Harmlos schauend, schiebe ich Feenkleider und Kettenhemden vor der Undergroundfactory hin und her. Neben dem Schaufenster mit den Totenkopfketten hängt ein Hinweis auf ihren Zweitshop mit Rockabilly-Klamotten. Und fluxx stehe ich nach fünf Jahren drumherum schleichen endlich drin. Die blondierte und gepiercte wirklich junge Frau versucht mich mit der Bemerkung aufzuheitern, sie hätte viele Kundinnen um die vierzig und ja… man dürfe auch mit Hüftgold durchaus gewagtes anziehen. Das tröstet mich und also steige ich in Petticoats, Neckholder-Kleider und türkisfarbene geschlitzte Röcke mit orangenen Schmetterlingen drauf. Ich brauche dringend was für die Oper am Abend.

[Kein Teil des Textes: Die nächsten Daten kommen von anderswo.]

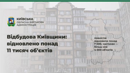 У Київській області продовжуються роботи з відновлення об’єктів, що були пошкоджені та зруйновані внаслідок війни. Загалом відновлено повністю та частково понад 11 000 об’єктів. Про це повідомив заступник голови Київської ОВА Микола Бойко.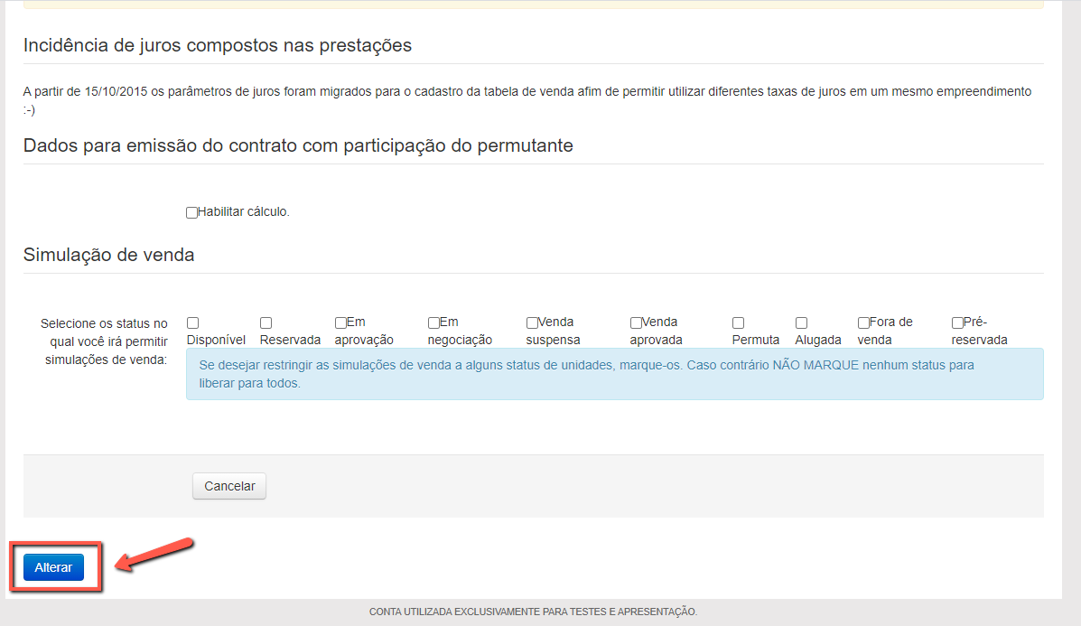 Após a alteração, deslize até o final da página e clique em "Alterar".
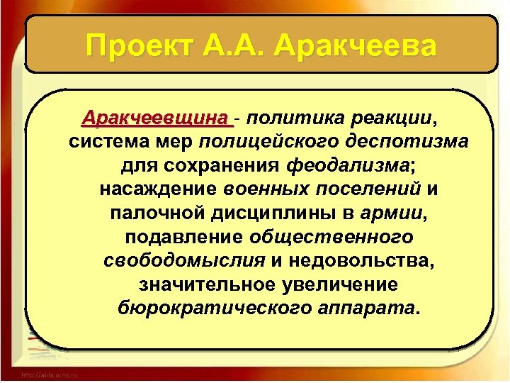 Проект А. А. Аракчеева Аракчеевщина - политика реакции, система мер полицейского деспотизма для сохранения феодализма; насаждение военных поселений и палочной дисциплины в армии, подавление общественного свободомыслия и недовольства, значительное увеличение бюрократического аппарата.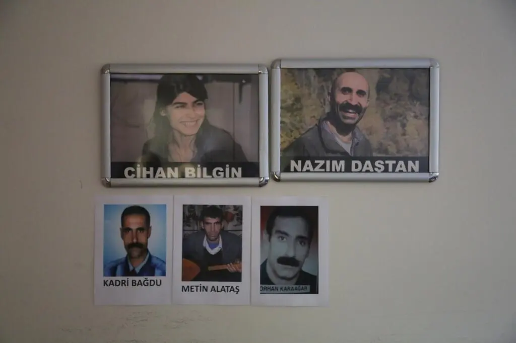 Yine duvarlarda bir yıl önce Rojava’da katledilen gazeteci Nazım Daştan ve Cihan Bilgin’in gülümseyen yüzleri sizi selamlıyor. Duvarlarda başta Apê Musa ve Gurbetelli Ersöz olmak üzere birçok basın şehidinin fotoğrafları yer alıyor.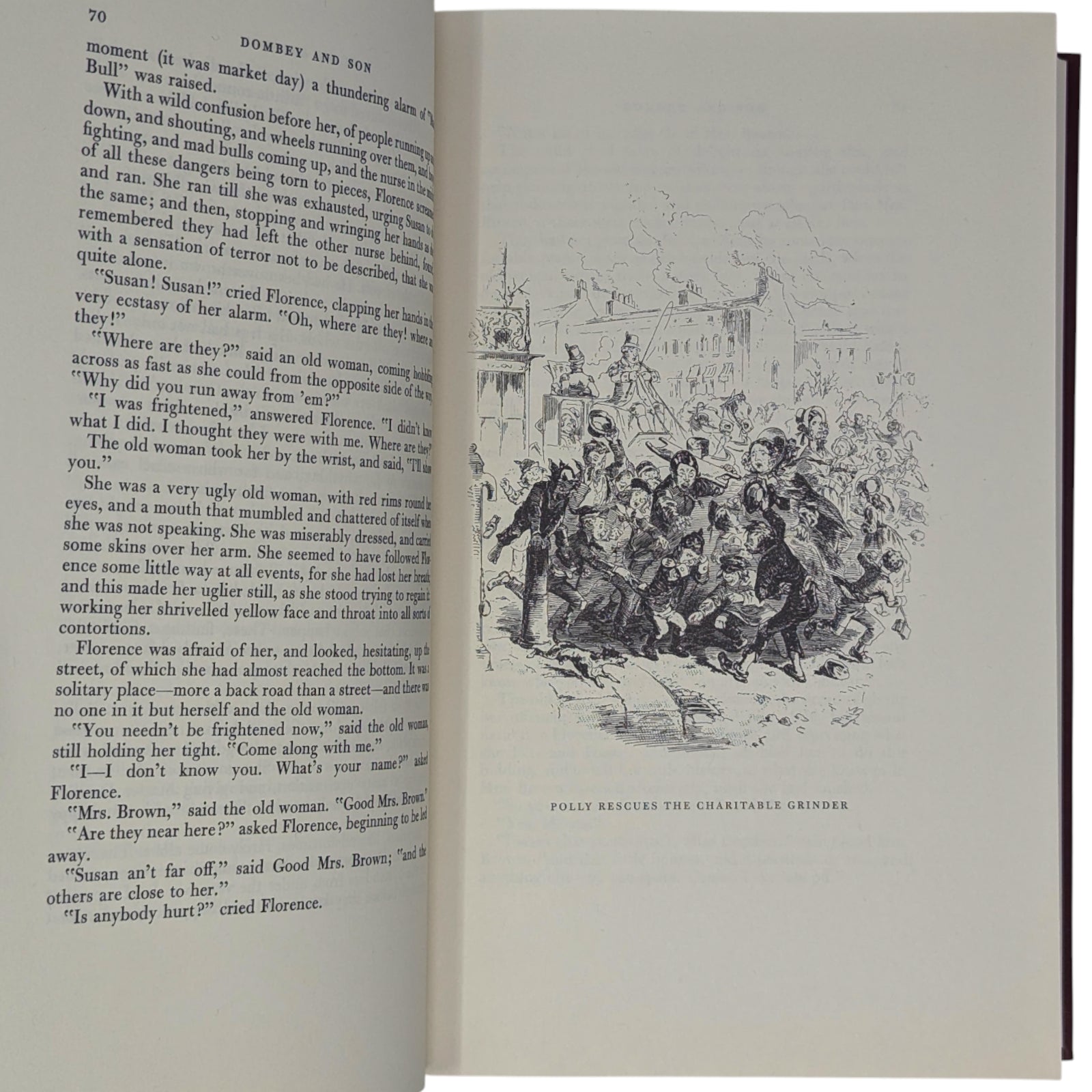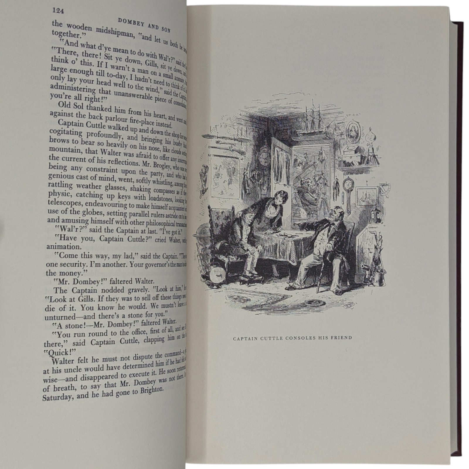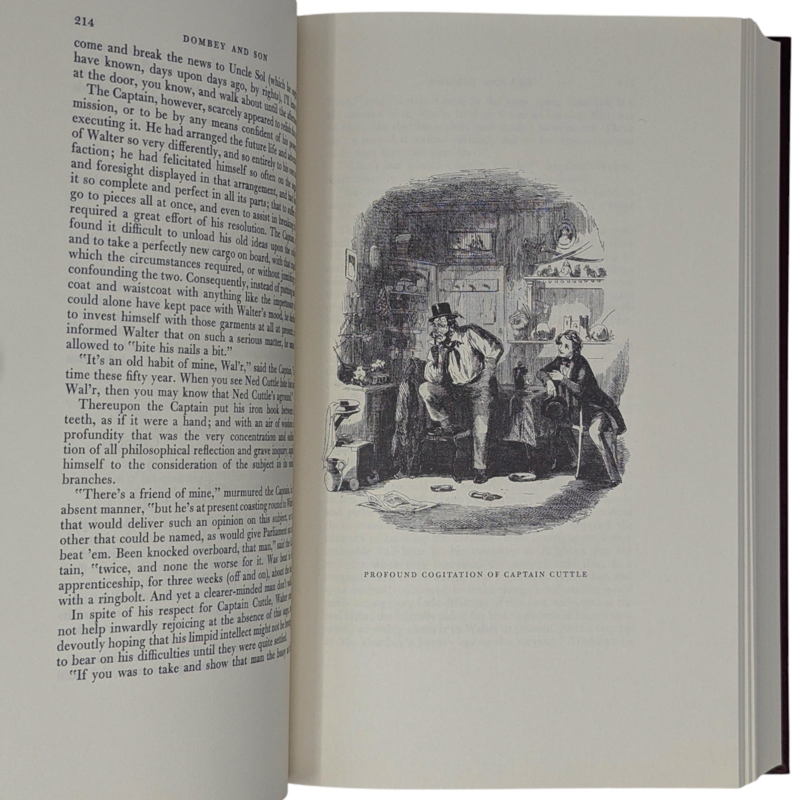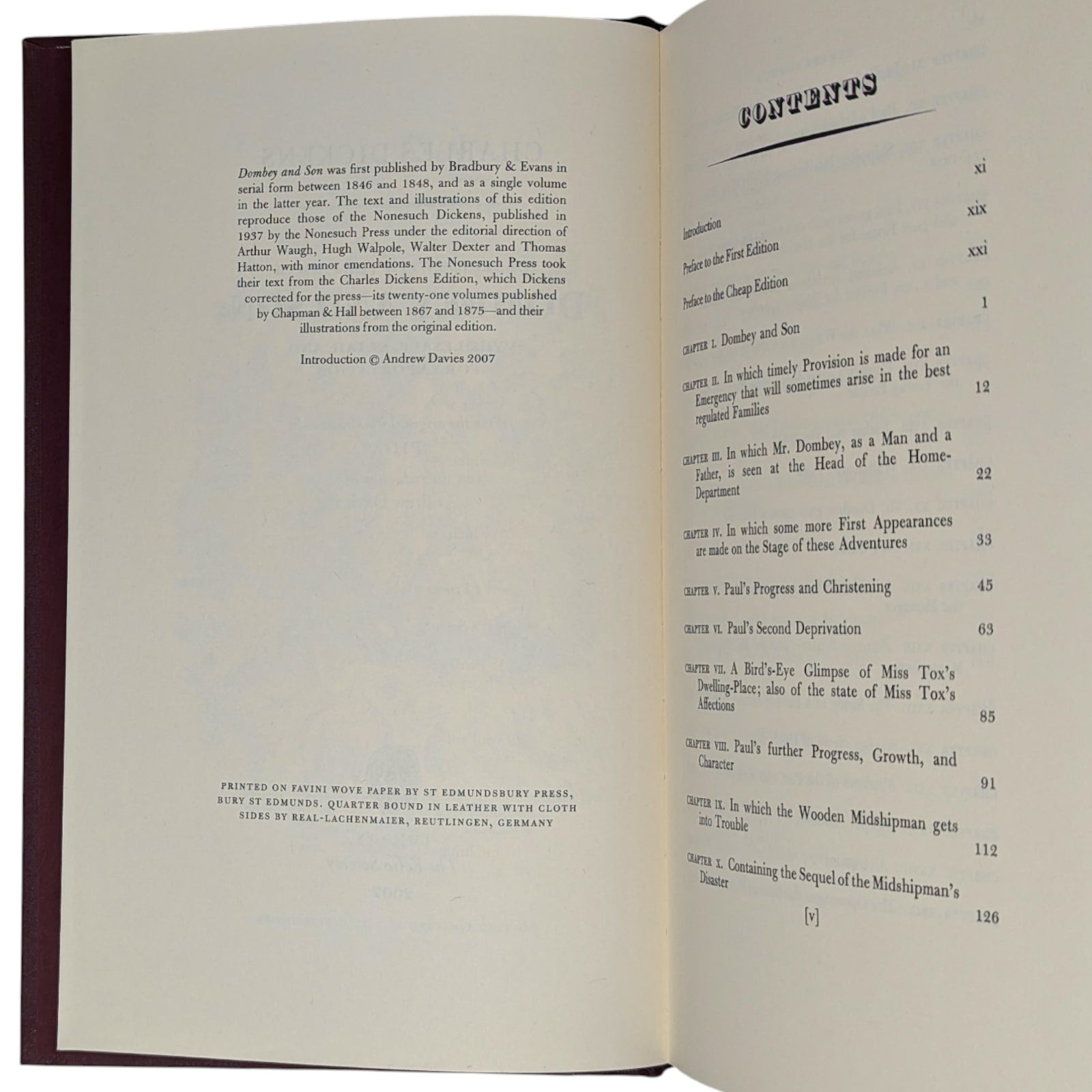 Charles Dickens, Dealings with the Firm of Dombey and Son: Wholesale, Retail and for Exportation. London: The Folio Society, [2007]. With the original illustrations by “Phiz” [Hablot K. Browne], introduction by Andrew Davies. 261 × 170 × 57 mm. Pp. [1–2], [i–iv] v–xxi [xxii–xxiv], 1–880 [881–882]: [38] leaves of ‘plates’. Type: Bulmer with Verdi for display. Typeset by R. and R. Clark for the Nonesuch Press in 1937 (the preliminaries by Folio), printed by the Saint Edmundsbury Press. Bound by Real Lachenmaier in series binding.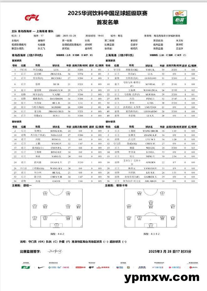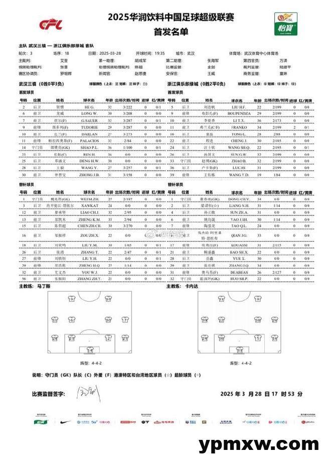 雷速体育3月28日讯 今晚中超三场同开,而其中两场官方名单同时出现错误。 武汉三镇对阵浙江的比赛名单中,中超官方显示武汉三镇已经3负;另一场青岛西海岸对阵海港的比赛名单,中场官方则显示西海岸2胜1平。 KY体育新闻中心 KY体育·(中国)官方网站新闻中心 快乐的足球精灵!小罗社媒晒效力巴萨时期AI漫画图片 短短2天!又一18强主教练下课,国足主帅伊万竟成候选?球迷热议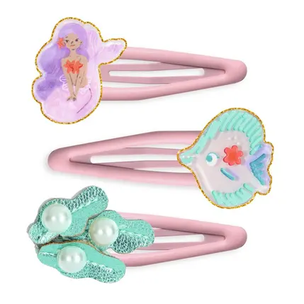 Apportez une touche féérique à votre coiffure avec ce set composé de 3 barrettes en métal ornées d’une sirène et d’un poisson en acrylique, ainsi que d’une algue en simili-cuir.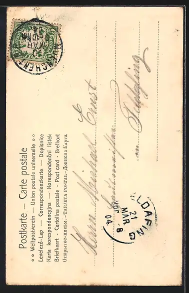 alte Ansichtskarte, gelaufen 1904, Stempelspur, guter Zustand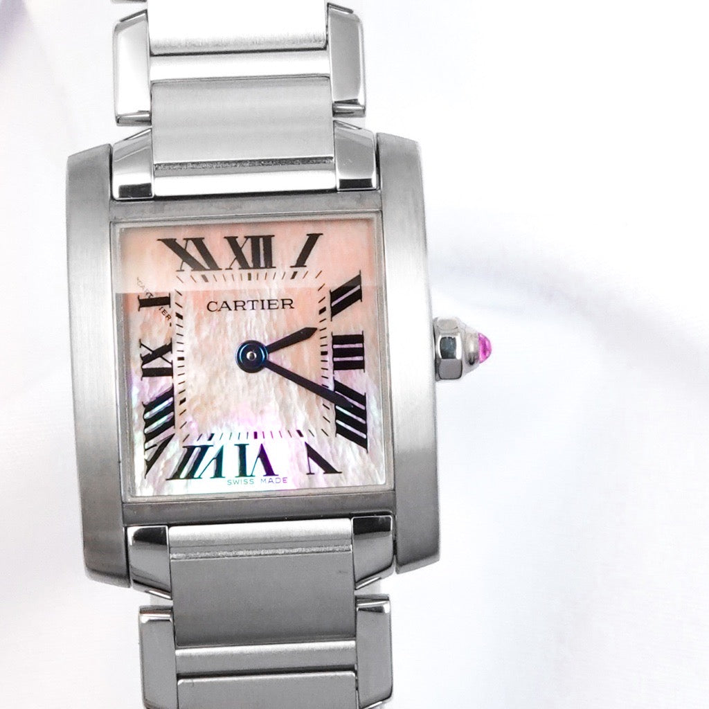 CARTIERシリーズの中でも特に人気が高く、ファーストカルティエとしても定番の《タンクフランセーズ》 モダンなブレスレットの様なデザインとピンクシェルも文字盤は光の角度で表情を変え身につける人の女性らしさを引き出す逸品。当店職人、一級時計修理技能士による電池交換、点検、外装仕上済みで安心してご愛用いただけます。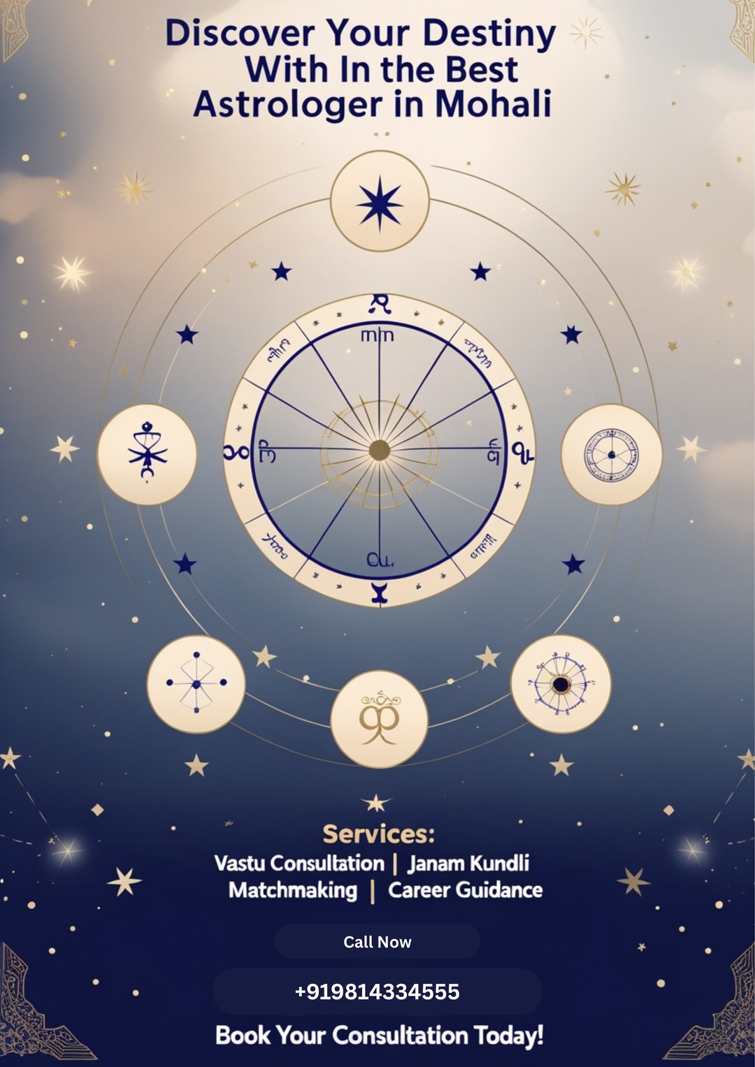 We offer personalized vastu consultation, kundli analysis, horoscope readings, matchmaking for marriage, and career astrology guidance based on your date and time of birth. Rooted in traditional Vedic astrology, we help clients gain clarity in relationships, career, health, and life decisions. Widely recognized as the best astrologer in Mohali, our expert provides accurate janam kundali and couple compatibility analysis. Trusted across Tricity—Mohali, Chandigarh, and Panchkula—for professional astrological services and reliable predictions. Book your consultation today and take the first step toward a better future.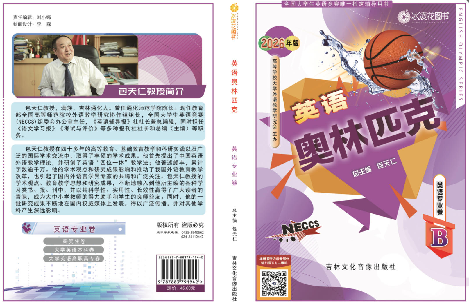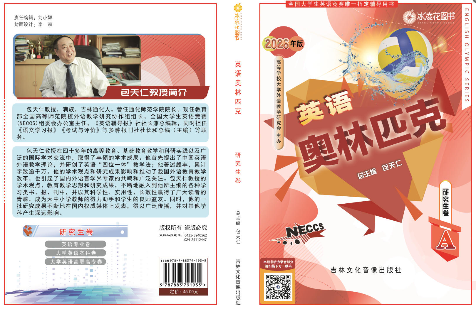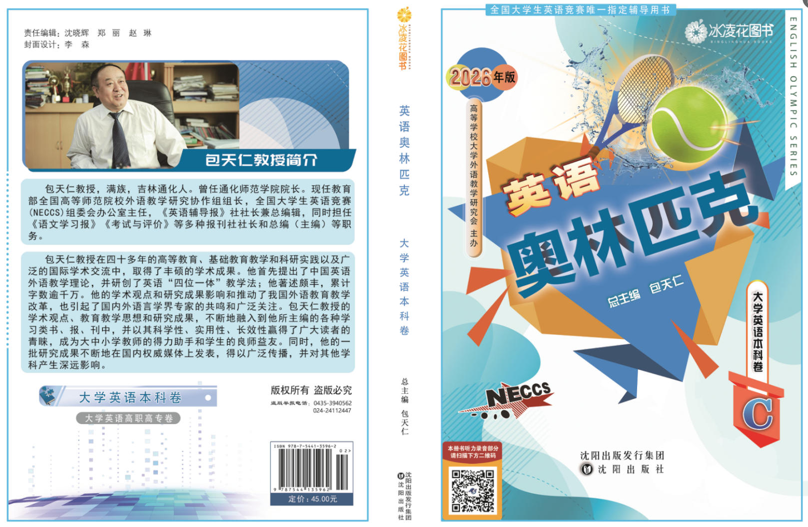 2.2026年新版大学《英语奥林匹克》丛书由包天仁教授任总主编,由沈阳出版社出版,该套丛书包含四个分卷:研究生卷(A类研究生),英语专业卷(B类英语专业本、专科学生),大学英语本科卷(C类非英语专业本科生),高职高专卷(D类体育类和艺术类本科生及非英语专业高职高专类学生)。各卷单册定价均为45.00元,并附赠光盘一张。该套丛书对英语词汇、语法等基础知识作了分类辅导,并配有适量的单项、专项和综合练习,同时还介绍了解答各种竞赛题型的方法、思路,并配有竞赛样题一套及竞赛模拟试题三套。该套丛书不仅是备考全国大学生英语竞赛的参考用书,也是大学生平时英语学习、训练和参加各种国内外英语考试较为理想的参考材料。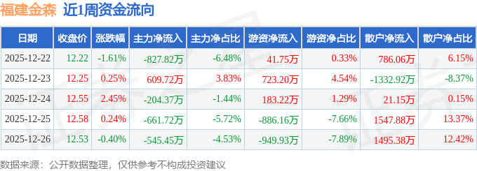 资金流向数据方面,本周福建金森主力资金合计净流出1629.63万元,游资资金合计净流出887.92万元,散户资金合计净流入2517.55万元。本周资金流向一览见下表: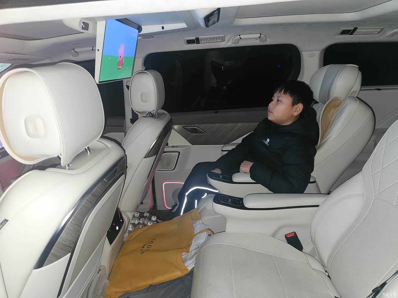 整车就像个头等舱车厢,舒适,宽大!我家孩子想在车里,也不会碰到头!三排坐下后,我不会拥挤!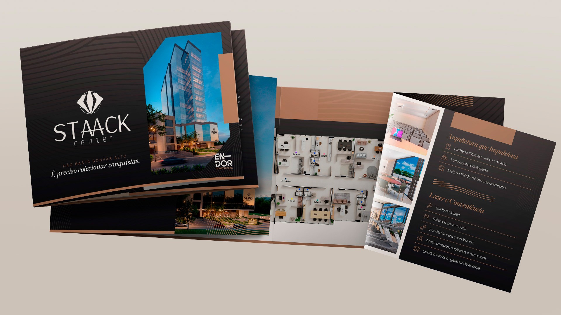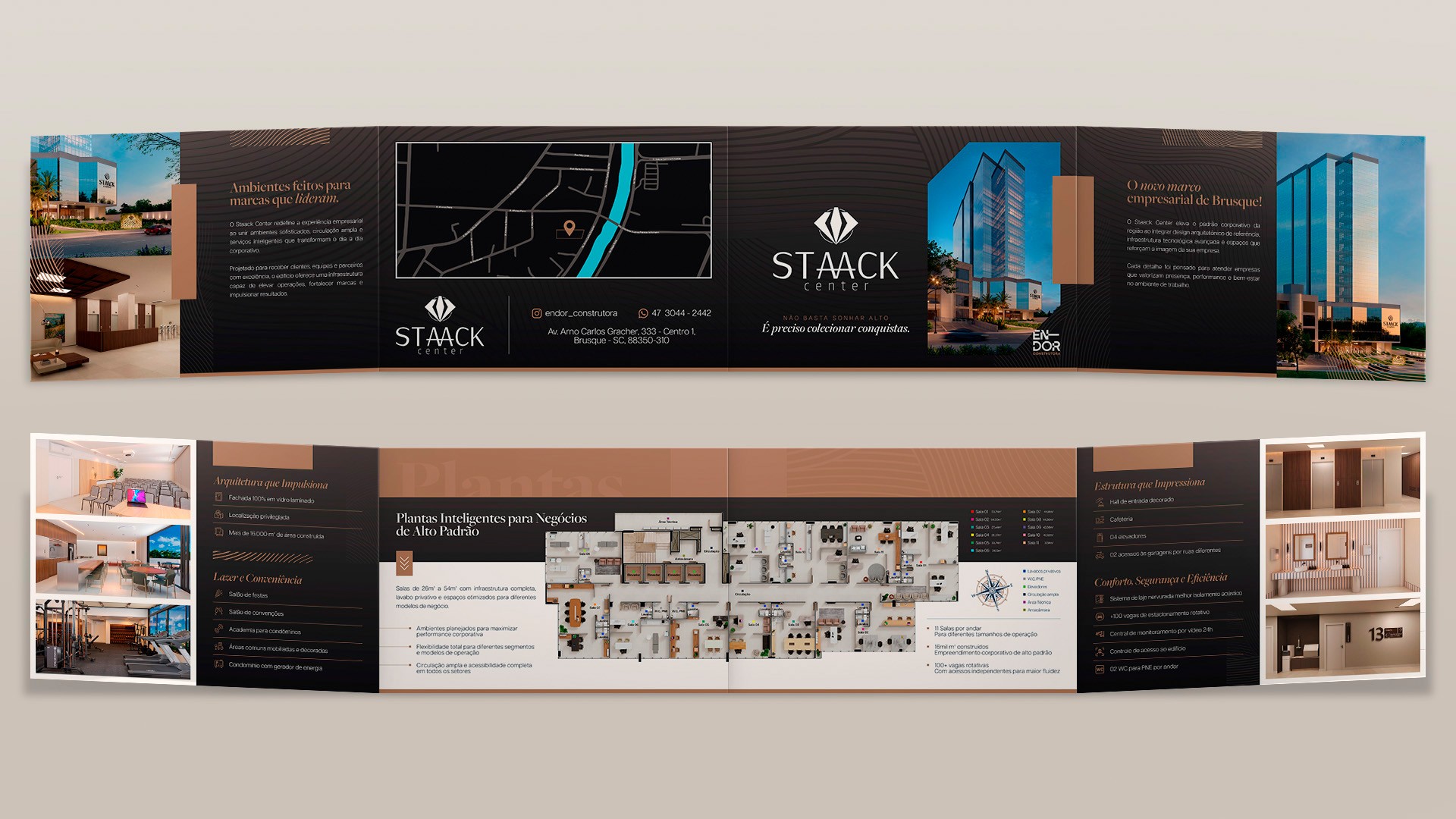 Para o Staack Center, da En-Dor, desenvolvemos um folder elegante e direto, com mensagem rápida, visual forte e informações no ponto certo, para apoiar o comercial e apresentar salas corporativas de alto padrão em Brusque com confiança.

Vor über 25 Jahren habe ich tatsächlich eine Drogeneinrichtung beraten und bin dort im schwarzen Petticoat und Mary-Poppins-Stiefeln aufgeschlagen. Nun gut, ganz so wild brauche ich es heute nicht mehr, aber der wirklich enge Rock mit schwarzen und roten Streifen ist bereits an die Kasse verbracht. Die schwarze Bluse mit weiß gestickten Ankern auf dem Kragen weise ich streng mit Hinweis auf mein Alter zurück. Das geht nur mit zwanzig. Mit paarundfünfzig sieht das aus, als meinte frau es ernst und also gehen Anker gar nicht. Als notorische Schwarzträgerin steige ich noch in ein irgendwie merkwürdig anmutendes Dingelchen und weiß sofort: „das ist mein Rock“! So wie die letzten Mary-Poppins-Stiefel, werde ich auch ihn bestimmt viele viele Jahre tragen.

Selig, weil der altersgerechten Kleidung entkommen, überstehe ich dann auch noch den wirklich gut inszenierten Freischütz.